(Data items)
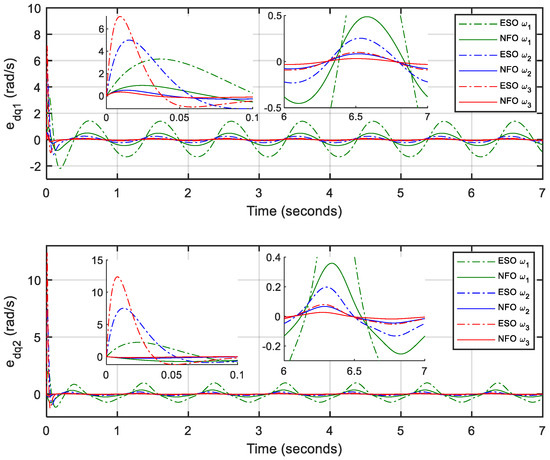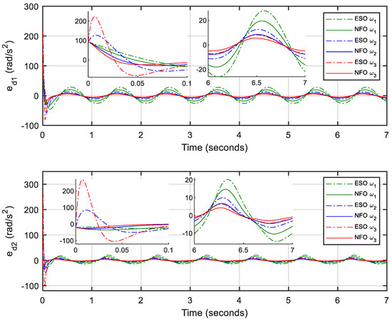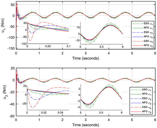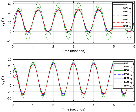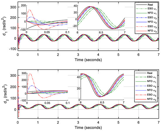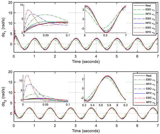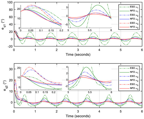 For fair and comprehensive comparisons, different observer gains are selected as , , and for both the NFO and ESO with the same initial conditions. Besides, a computed torque controller (CTC) is adopted as the main controller with control gains and . The design of the CTC is presented in Appendix A.
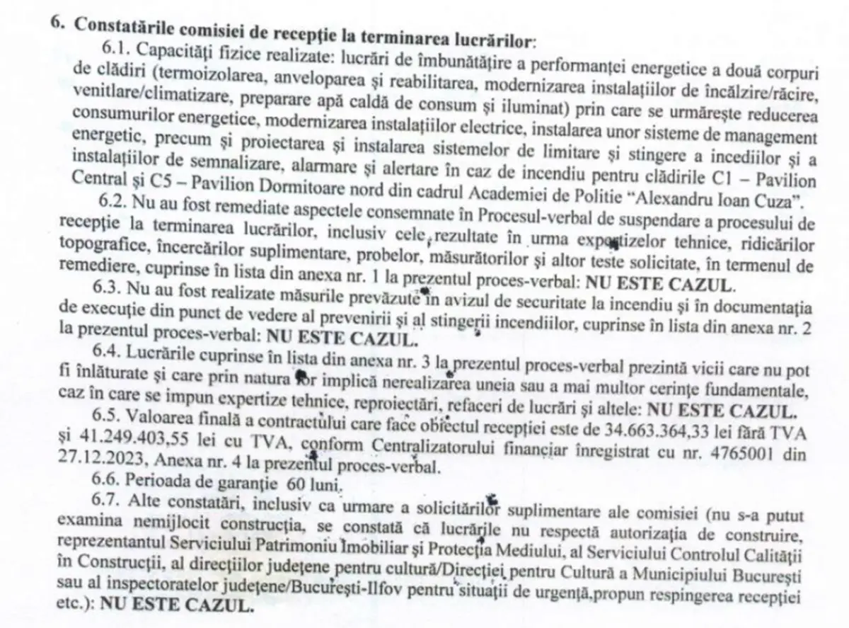 ”După câțiva ani de lucrări, pe 28 decembrie 2023, cu doar trei zile înainte de închiderea oficială a programului POR, s-a întrunit o comisie de recepție care a semnat Procesul-Verbal de Recepție la Terminarea Lucrărilor, document pe care am reușit să punem și noi mâna. Capitolul 6 arată că proiectul a mers șnur, formularul tip încheindu-se cu formularea scurtă: <<Nu este cazul>>. Astfel, la punctul 8, comisia își motivează decizia de a admite recepția declarând că <<Lucrările executate sunt de calitate și corespund prevederilor proiectului ethnic>>. Constructorul (o asociere condusă de SC BAU STARK SRL) și-a văzut contractul încheiat, iar Academia a primit o clădire reabilitată <<de calitate>>, cu o garanție confortabilă de 60 de luni (5 ani)”, a precizat Sindicatul Polițiștilor ”Diamantul”.
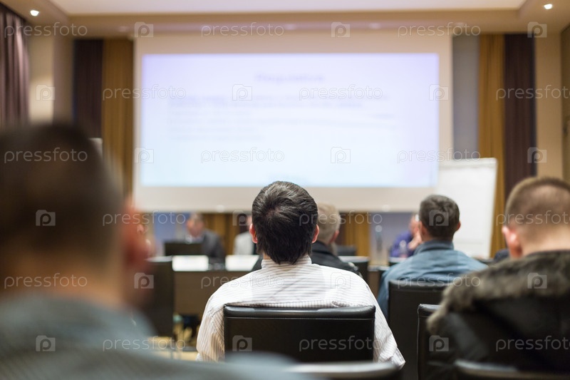 Аудитория в лекционном зале принимает участие в деловой конференции
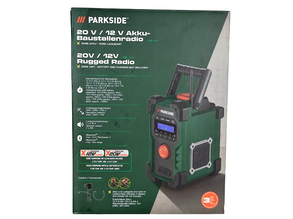 Parkside AKU stavebné rádio PBR 10 A1 – bez akumulátoru a nabíječky
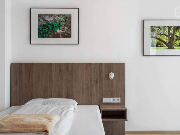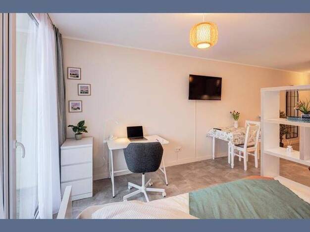 Weitere Informationen, viele hochauflösende Fotos und ein Video zu diesem Objekt finden Sie unter: https://www.mrlodge.de/wohnungen/detailansicht/14768/ See offer in English: https://www.mrlodge.com/search/detailed-view/14768/ Zimmer: Kombiniertes Wohn-/Schlafzimmer:, Sofa, Esstisch mit 2 Stühlen, französisches Bett 140 x 200 cm, Schreibtisch, Stuhl, Kommode, Regale, Bad mit Dusche Bodenbelag: Laminatboden, Fliesenboden Möblierung: neu, schön und hell eingerichtet, sehr gut Küche: zum Wohnberei...
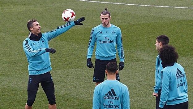 Con frío intenso en la capital de España, 1 grado, los jugadores madridistas se refugiaron en el gimnasio para el inicio de la sesión de trabajo, según informó el club a los medios para explicar la casi hora de retraso.
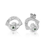 Also available in Pendant to match. Let the whispers of yesteryear echo lightly in your ears as you wear our solid & sturdy Claddagh earring enriched with pave setting Cubic Zirconia and synthetic Emerald set in place of the heart.  These chic and sparkly earrings make a lovely Irish  gift for any Irish woman, so purchase your pair today!
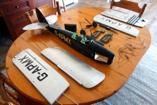 My Tiger Moth model was badly damaged yesterday! It crashed from it's hanging place in my garage. Many broken parts. Still I did intend to replace the rubberised rigging "wires"! This will make me do that! :-)
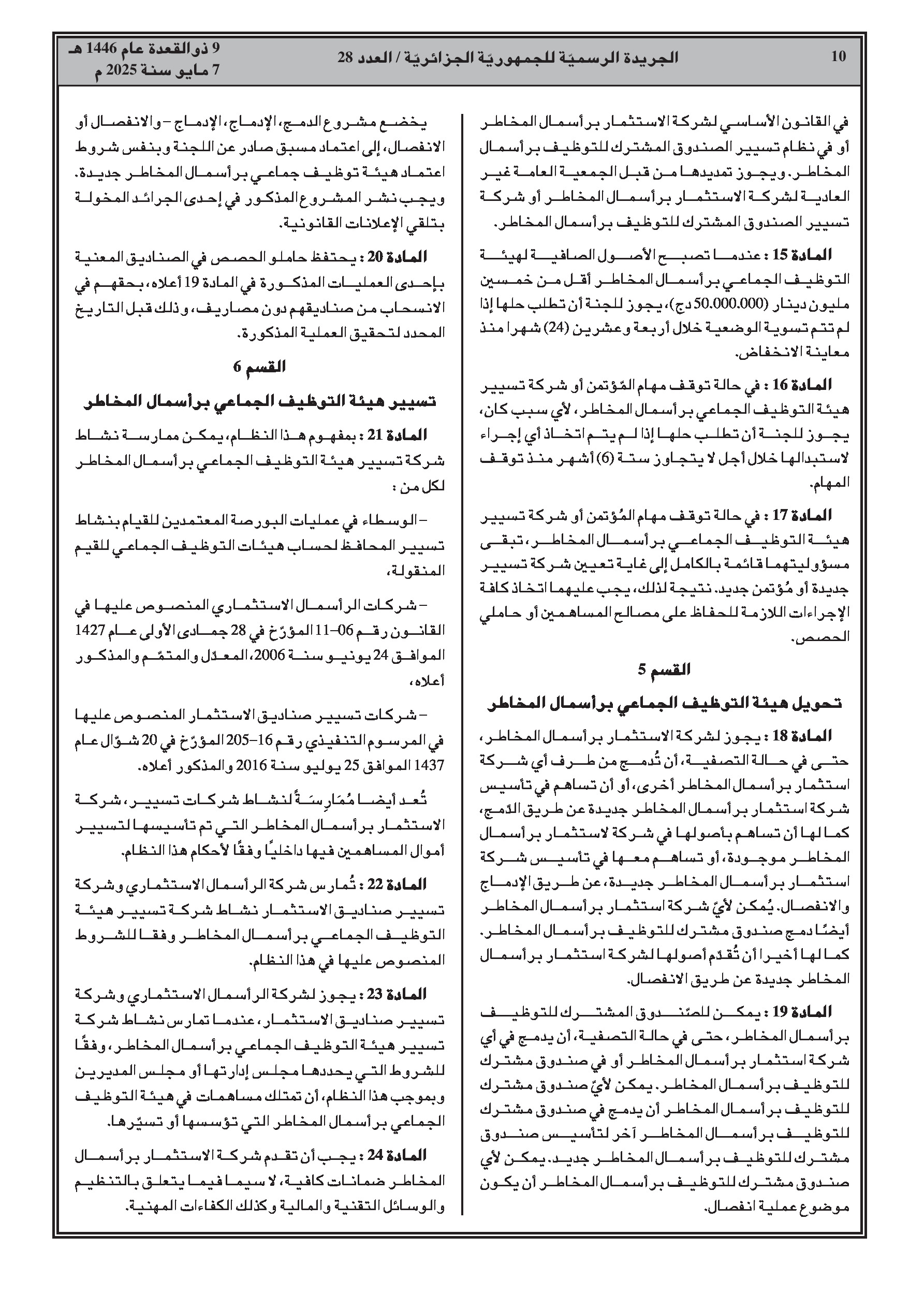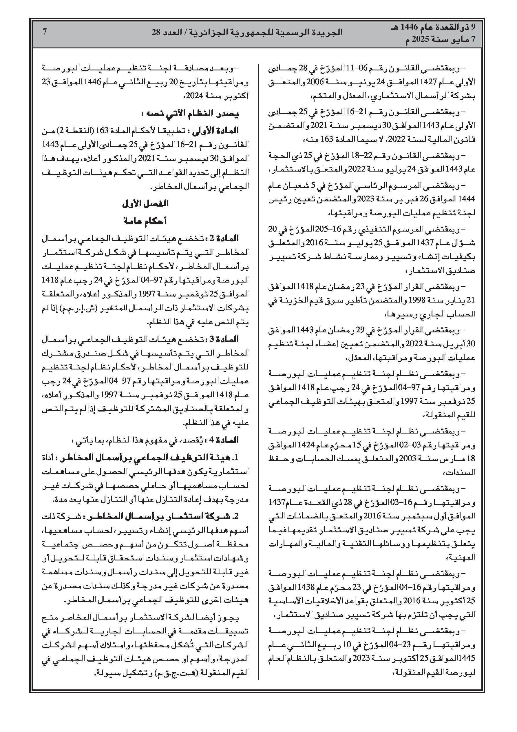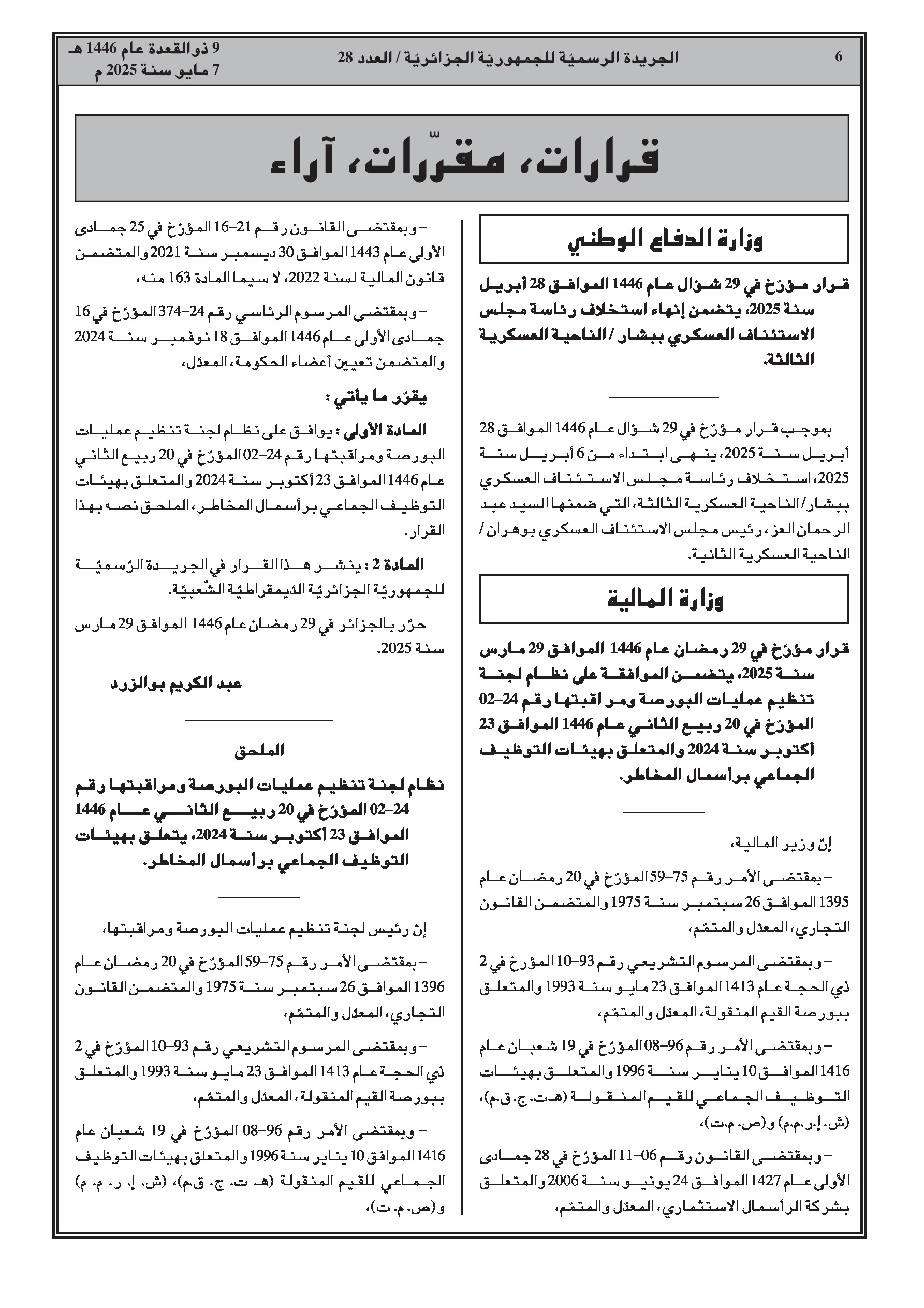 قرار وزاري يصادق على نظام لجنة تنظيم عمليات البورصة ومراقبتها رقم 24-02 المتعلق بهيئات التوظيف الجماعي في رأس المال الاستثماري، محدداً قواعد إنشائها وتشغيلها.
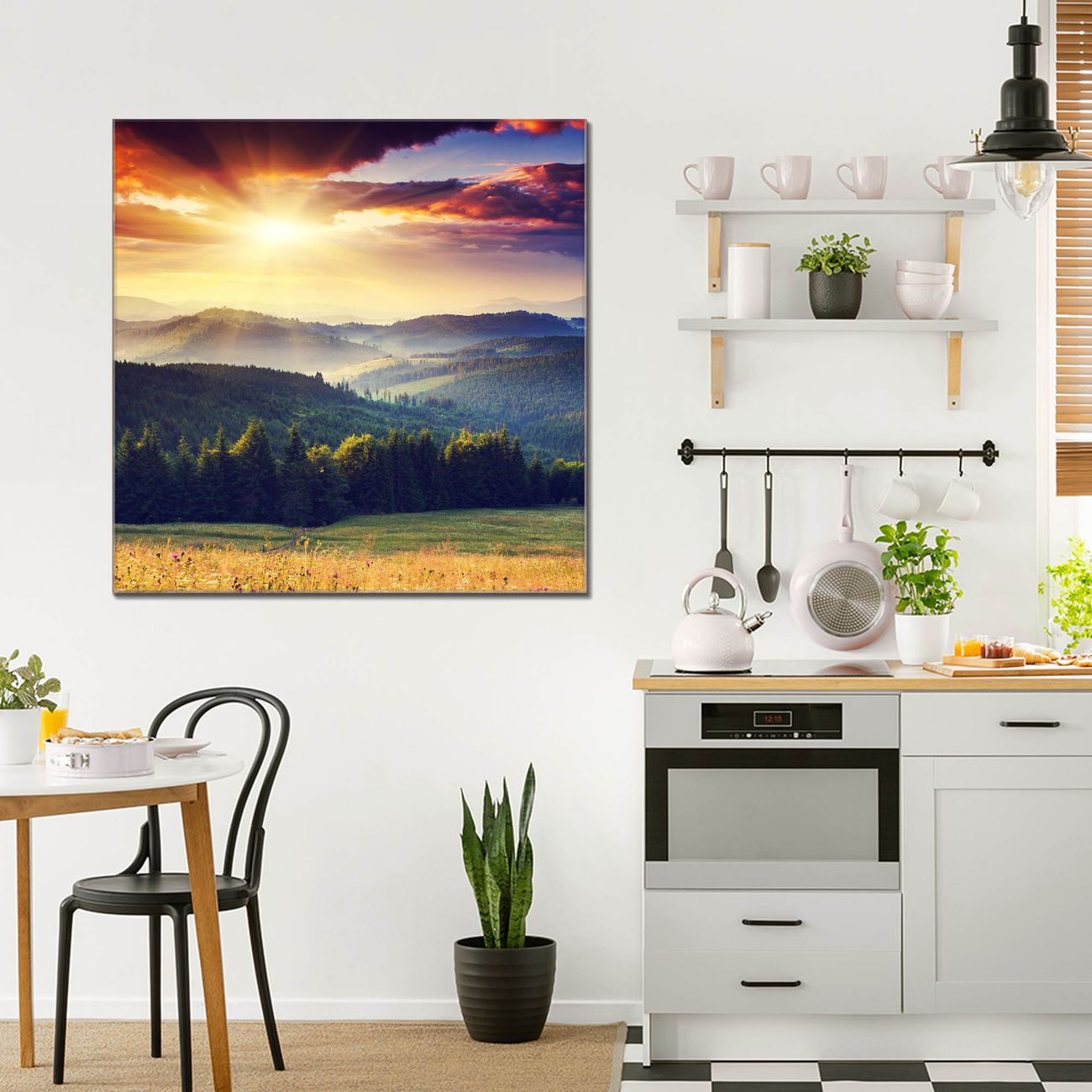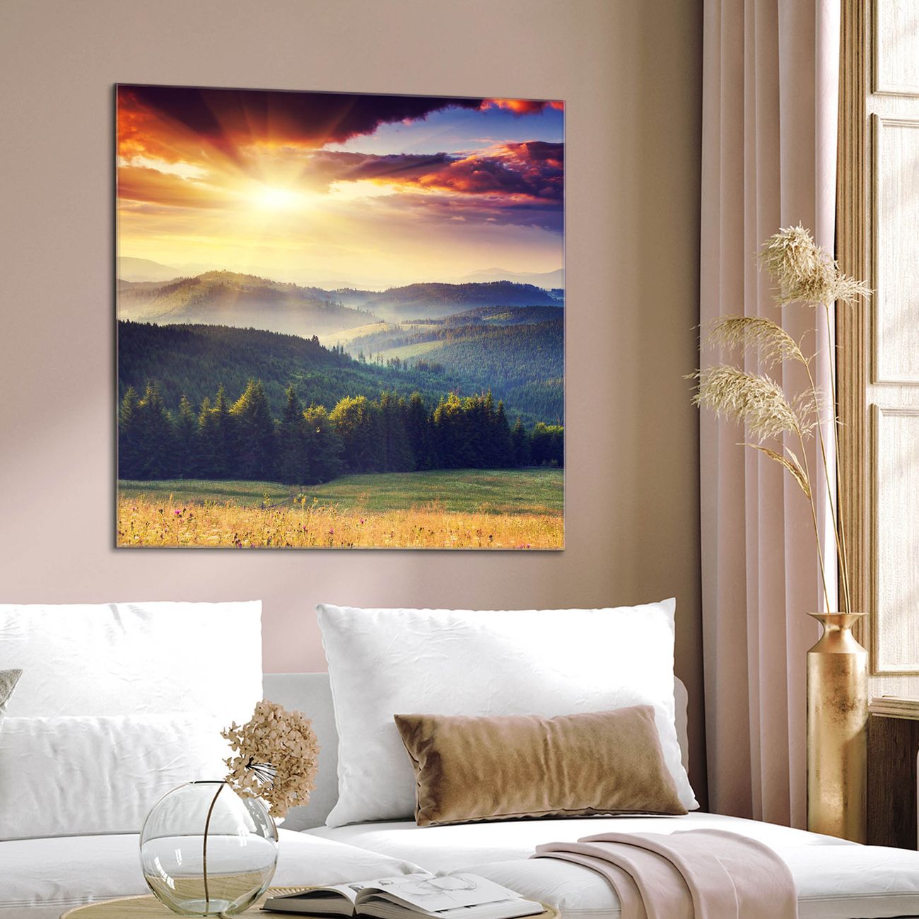 Quadratisches Wandbild aus Glas Karpaten Sonnenuntergang

■ **Exercise description**: Every line above goes into the copy unchanged; the pictures do not.

■ **Task result**:
 For fair and comprehensive comparisons, different observer gains are selected as , , and for both the NFO and ESO with the same initial conditions. Besides, a computed torque controller (CTC) is adopted as the main controller with control gains and . The design of the CTC is presented in Appendix A.
 ”După câțiva ani de lucrări, pe 28 decembrie 2023, cu doar trei zile înainte de închiderea oficială a programului POR, s-a întrunit o comisie de recepție care a semnat Procesul-Verbal de Recepție la Terminarea Lucrărilor, document pe care am reușit să punem și noi mâna. Capitolul 6 arată că proiectul a mers șnur, formularul tip încheindu-se cu formularea scurtă: <<Nu este cazul>>. Astfel, la punctul 8, comisia își motivează decizia de a admite recepția declarând că <<Lucrările executate sunt de calitate și corespund prevederilor proiectului ethnic>>. Constructorul (o asociere condusă de SC BAU STARK SRL) și-a văzut contractul încheiat, iar Academia a primit o clădire reabilitată <<de calitate>>, cu o garanție confortabilă de 60 de luni (5 ani)”, a precizat Sindicatul Polițiștilor ”Diamantul”.
 Аудитория в лекционном зале принимает участие в деловой конференции
 Parkside AKU stavebné rádio PBR 10 A1 – bez akumulátoru a nabíječky
 Weitere Informationen, viele hochauflösende Fotos und ein Video zu diesem Objekt finden Sie unter: https://www.mrlodge.de/wohnungen/detailansicht/14768/ See offer in English: https://www.mrlodge.com/search/detailed-view/14768/ Zimmer: Kombiniertes Wohn-/Schlafzimmer:, Sofa, Esstisch mit 2 Stühlen, französisches Bett 140 x 200 cm, Schreibtisch, Stuhl, Kommode, Regale, Bad mit Dusche Bodenbelag: Laminatboden, Fliesenboden Möblierung: neu, schön und hell eingerichtet, sehr gut Küche: zum Wohnberei...
 Con frío intenso en la capital de España, 1 grado, los jugadores madridistas se refugiaron en el gimnasio para el inicio de la sesión de trabajo, según informó el club a los medios para explicar la casi hora de retraso.
 Also available in Pendant to match. Let the whispers of yesteryear echo lightly in your ears as you wear our solid & sturdy Claddagh earring enriched with pave setting Cubic Zirconia and synthetic Emerald set in place of the heart.  These chic and sparkly earrings make a lovely Irish  gift for any Irish woman, so purchase your pair today!
 My Tiger Moth model was badly damaged yesterday! It crashed from it's hanging place in my garage. Many broken parts. Still I did intend to replace the rubberised rigging "wires"! This will make me do that! :-)
 قرار وزاري يصادق على نظام لجنة تنظيم عمليات البورصة ومراقبتها رقم 24-02 المتعلق بهيئات التوظيف الجماعي في رأس المال الاستثماري، محدداً قواعد إنشائها وتشغيلها.
 Quadratisches Wandbild aus Glas Karpaten Sonnenuntergang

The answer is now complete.